Но фиксатый почему-то не смеялся, сказал задумчиво:
— Значит, тоже бит бывал… папаша…
— Еще как, еще как, мил человек! — опять засмеялся Панкрат Никитич, но увидал, что фиксатый подымается, всполошился: — Куда ж ты, сынок? Посиди. Чайку сейчас сообразим. А?.. Посиди…
— Спасибо, папаша, да выходить мне скоро… — Фиксатый постоял и добавил странное для старика: — Живи, значит, отец… Не нашел я тебя… — И подмигнул, сверкнув фиксами озорно: — Эх и веселый ты мужик, пап-паша! — И исчез, как появился.
12
Мало обращая внимания на бесконечно журчащие речи супруга, Меланья Федосеевна без устали перебирала и перебирала бесчисленные свои сидорки и мешочки. Ощупает сидор — и запустится в него по локоть. И замрет испуганно. Как в памяти дырявой.
Мужа это, видно, отвлекало от спокойного развития мыслей, раздражало. Он прерывался. Смотрел на нее. С легоньким, осмелевшим презреньицем…
— Ну, чего потёряла там?..
— Ничё, ничё! Болтай знай! — тут же «вспоминалась» в мешке Меланья Федосеевна. Завязывала его с облегчением, ставила под полку. Как бы к общей памяти своей.

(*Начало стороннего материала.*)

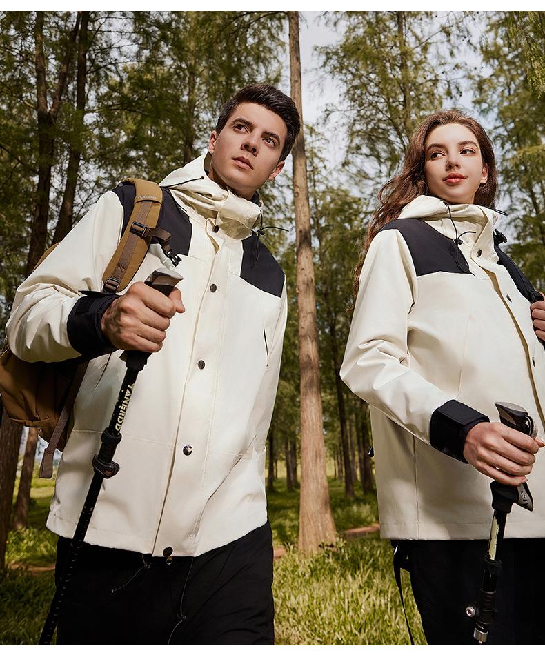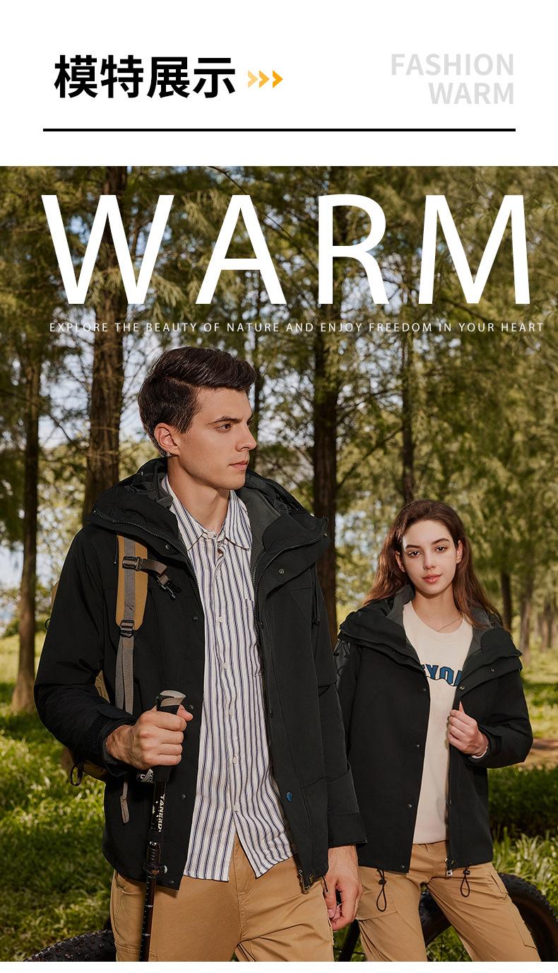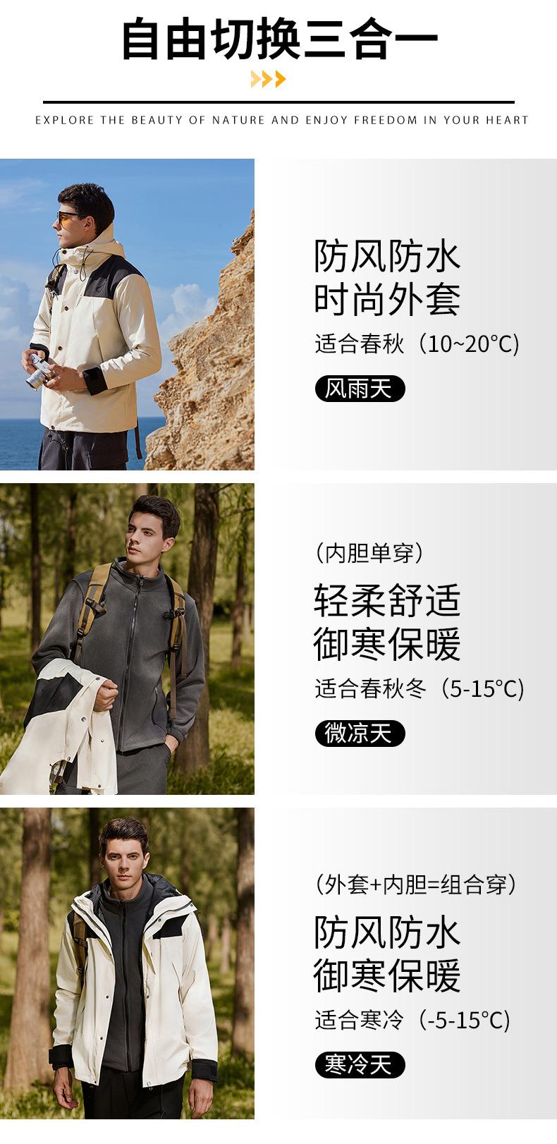 Ropa de asalto tres en uno desmontable con forro polar, ropa para grupos de montañismo al aire libre, ropa de asalto con logotipo impreso para amantes de la ropa de asalto de algodón.

Но тут же хватала другой мешок — и опять по локоть в испуге…
— Вот ить, баба! — совсем уж смело смеялся Панкрат Никитич, затем продолжал развивать свою прерванную мысль Кате и Митьке — …Так вот, я и говорю: не в табаке там дело, или чтоб посуда у каждого своя. Не в этом дело! Вера, вера кержацкая самая строгая была! Вот об чем речь!.. Только как сходил я в 14-м на войну, так и перестал верить в бога. Раз ты, сукин сын, допускаешь такое смертоубийство — нет, значит, тебя на свете! А ежли и есть ты, то ты есть самый главный на свете упырь, потому как только кровушкой людской питаешься! И… и не приемлю я тебя такого, и не нужон ты мне! На дух не нужон! — отрубал рукой в сторону старик. — Моя, вон, все еще под иконами валяется, а я разом — отрезал, отрубил!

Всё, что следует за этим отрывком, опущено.